## [RECORDS FOR THE TASK]
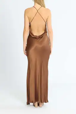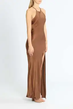 Embrace elegance in the Annika Maxi Dress in Brown by Bec and Bridge. This sleeveless dress boasts a chic open cowl back, a halterneck with crossover spaghetti straps, and a flattering thigh-high split. It's a captivating choice for your upcoming formal event, combining edge with sophistication.
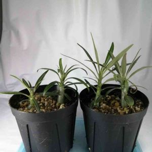 実生〜2ヶ月 パキポディウム・グラキリス すくすく育っていい感じ😊 外出しの2年苗はいまいち成長が見られないけど、その内超すかもなぁ…
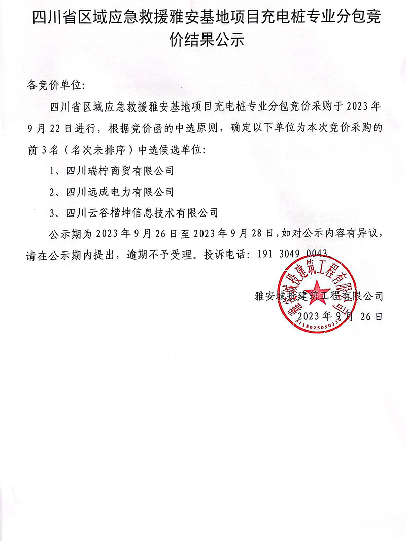 四川省區(qū)域應(yīng)急救援雅安基地項(xiàng)目充電樁專業(yè)分包競價(jià)結(jié)果公示
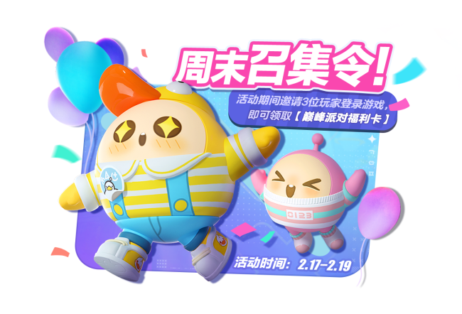 活动内容:邀请3位蛋仔登录游戏即可领取【巅峰派对福利卡】!快来蛋仔岛召唤你的蛋搭子一起参加周末派对吧!
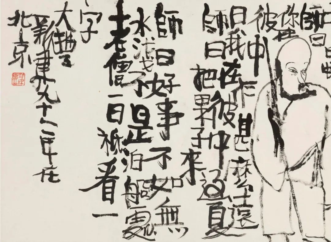 大丰新建,别号“除了要吃饭其他就跟神仙一样斋主人”。其诙谐、达观的快意人生,传颂艺林。殊不知,“快活事情”背后的岁月点滴:出生于五十年代,在特殊的时代氛围下,经历了压抑荒唐的青春岁月。于是便有了80年代初的风格爆发,那些仅供自己和挚友把玩的“小脚美人”系列;又如1991年从法国游历回来后,与亲人天涯相隔,有感而发,作《有馀图》,跋文曰:“愿家家有馀,愿天下有情人终不分手。新建泪写给小衍,一九九一年时在北京。”画面中的两副碗筷,诉尽内心深处的殷殷柔情······
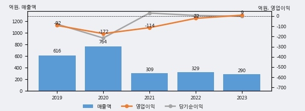 육일씨엔에쓰의 2023년 매출액은 290억으로 전년대비 -11.8% 하락했고, 영업이익은 9억으로 흑자전환했다. 이 회사의 매출액 증감률과 영업이익 증감률은 각각 코스닥 하위 32%, 상위 9%에 해당된다.
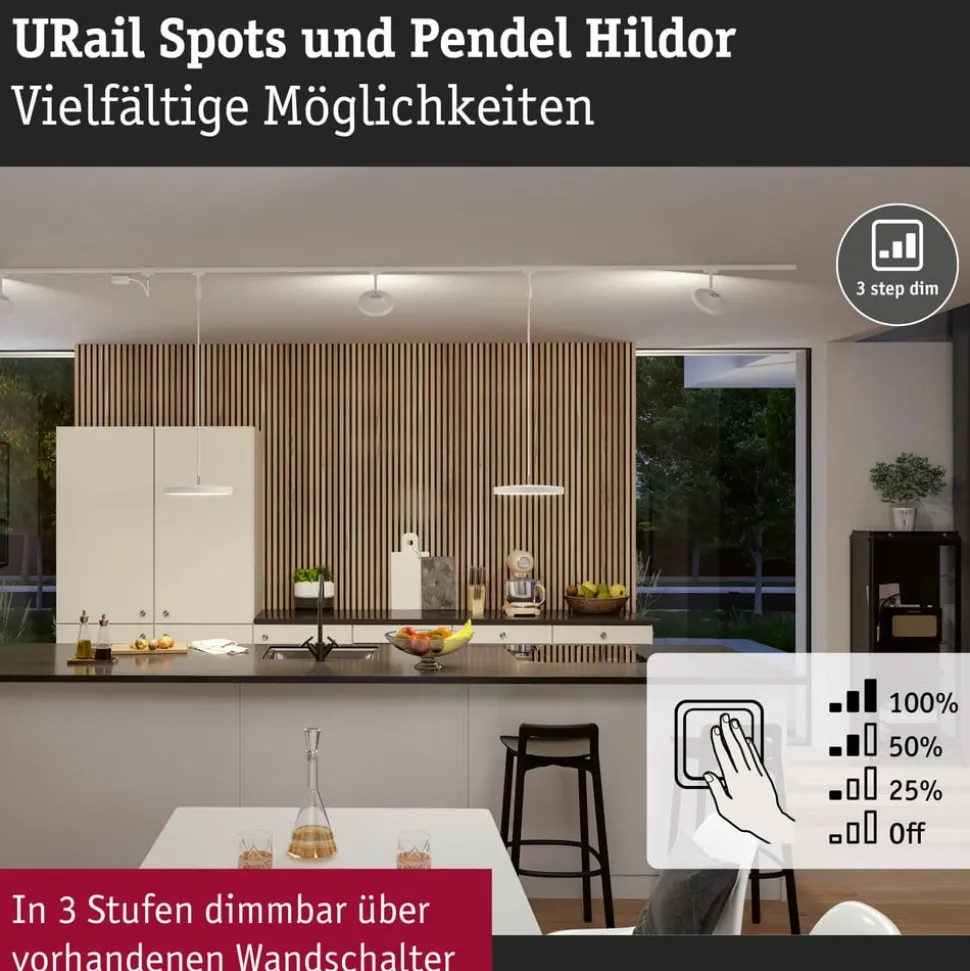 - kan dæmpes i tre trin med en almindelig vægkontakt

## [TASK REQUIREMENTS]
Please ensure that the data above is repeated exactly, with no pictures in the copy.

## [TASK OUTPUT]
 Embrace elegance in the Annika Maxi Dress in Brown by Bec and Bridge. This sleeveless dress boasts a chic open cowl back, a halterneck with crossover spaghetti straps, and a flattering thigh-high split. It's a captivating choice for your upcoming formal event, combining edge with sophistication.
 実生〜2ヶ月 パキポディウム・グラキリス すくすく育っていい感じ😊 外出しの2年苗はいまいち成長が見られないけど、その内超すかもなぁ…
 四川省區(qū)域應(yīng)急救援雅安基地項(xiàng)目充電樁專業(yè)分包競價(jià)結(jié)果公示
 活动内容:邀请3位蛋仔登录游戏即可领取【巅峰派对福利卡】!快来蛋仔岛召唤你的蛋搭子一起参加周末派对吧!
 大丰新建,别号“除了要吃饭其他就跟神仙一样斋主人”。其诙谐、达观的快意人生,传颂艺林。殊不知,“快活事情”背后的岁月点滴:出生于五十年代,在特殊的时代氛围下,经历了压抑荒唐的青春岁月。于是便有了80年代初的风格爆发,那些仅供自己和挚友把玩的“小脚美人”系列;又如1991年从法国游历回来后,与亲人天涯相隔,有感而发,作《有馀图》,跋文曰:“愿家家有馀,愿天下有情人终不分手。新建泪写给小衍,一九九一年时在北京。”画面中的两副碗筷,诉尽内心深处的殷殷柔情······
 육일씨엔에쓰의 2023년 매출액은 290억으로 전년대비 -11.8% 하락했고, 영업이익은 9억으로 흑자전환했다. 이 회사의 매출액 증감률과 영업이익 증감률은 각각 코스닥 하위 32%, 상위 9%에 해당된다.
 - kan dæmpes i tre trin med en almindelig vægkontakt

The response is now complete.